I Am Finished With Manovich

I almost always finish the books that I begin, but Lev Manovich’s The Language of New Media has just become the latest exception.

I have written about this book in the past.  I mentioned it first in a post on database as narrative limit and then again more recently in a post on the nature of the digital object, and I have been forcing myself to read it, in fits and starts between other things, for something like a year now.  It was given to me by my friend Don Moore almost two years ago, and I made two or three ineffectual attempts to begin it before I really got started in the first place, so I feel that I have given it every opportunity to engage me.  If it has failed to do so, I can now put it aside without any damage to my conscience.

My difficulty with the book has nothing to do with its argument.  Though I do often find myself disagreeing with Manovich, I generally enjoy reading a position that challenges my own, so long as it is thoughtful and well articulated, which Manovich’s generally is.  The trouble is that his writing is utterly lacking in style and rhetorical interest.  Manovich may be intelligent, and he may be insightful, and he may offer an interestingly aesthetic approach to the question of how to understand new media, but he is an awful writer, period.  His diction is painfully deliberate.  His sentence structure is monotonous.  His tone reminds me of nothing so much as the textual equivalent of any adult who happens to talk in a Peanuts cartoon.  Every time I begin to read him I am seized by the insurmountable urge to read something, anything, else.

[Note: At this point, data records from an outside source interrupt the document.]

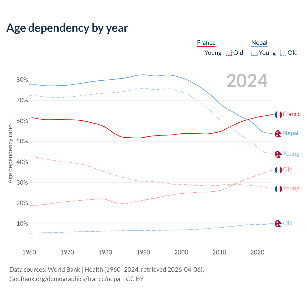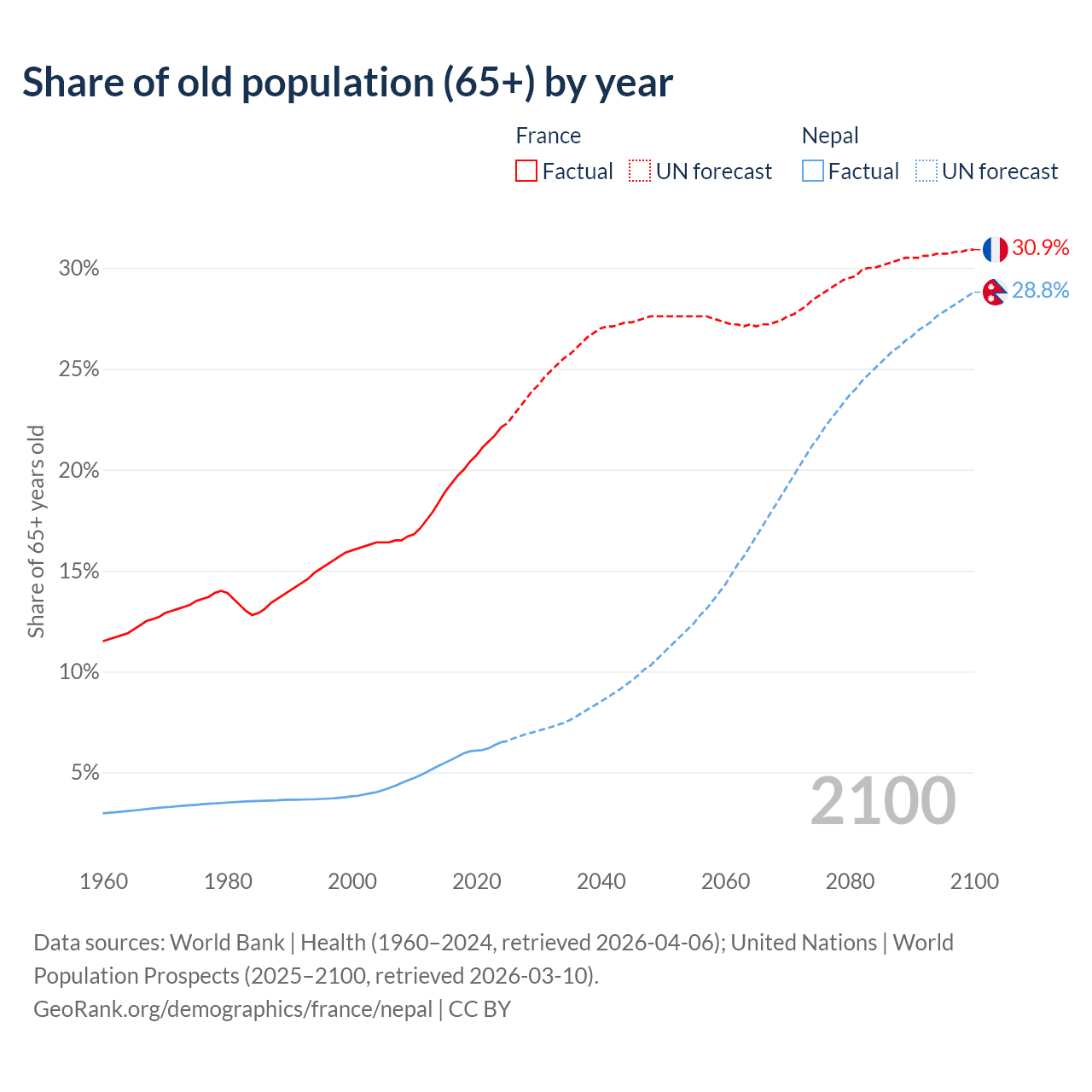 - The share of old-age demographic (65+) in France is 22.1% vs 6.5% in Nepal.
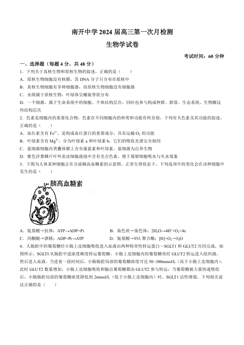 天津市南开中学2024届高三上学期第一次月考生物+答案
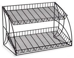 22.5″ Tiered Wire Rack, Countertop, 3 Shelves With Wicker Baskets – Black

Perhaps the real problem, however, and I am willing to concede this in Manovich’s defense, is that I have been spoiled by the thinkers that I usually read.  To read Jacques Derrida, for example, or Emmanuel Levinas, or Jean-Luc Marion, or Roland Barthes, or Ivan Illich, to name only a few of my favourites, is to be immersed in a aesthetic experience as well as an intellectual one.  These writers attend as much to their language and to their style as they do  their content, the one reinforcing the other.  Perhaps it is only their virtuosity that has made Manovich so unendurable to me.  I will admit the possibility.  Even so, I am finished with Manovich.

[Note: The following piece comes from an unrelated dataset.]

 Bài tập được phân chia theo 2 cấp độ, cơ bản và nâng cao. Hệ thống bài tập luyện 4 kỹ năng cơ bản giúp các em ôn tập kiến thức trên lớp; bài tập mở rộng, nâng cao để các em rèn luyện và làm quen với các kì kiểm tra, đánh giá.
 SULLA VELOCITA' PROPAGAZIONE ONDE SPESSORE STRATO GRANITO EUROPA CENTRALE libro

  1. With a name like Manovich, is his first writ in English though? Perhaps this is a translators inefficiency?

  2. Curtis,

    Manovich was born in Moscow, so English is not his first language, but he writes his own texts in English as far as I know, and there are many people (including some of those that I listed in the post above) who write in English as their second language and still manage to be interesting stylistically.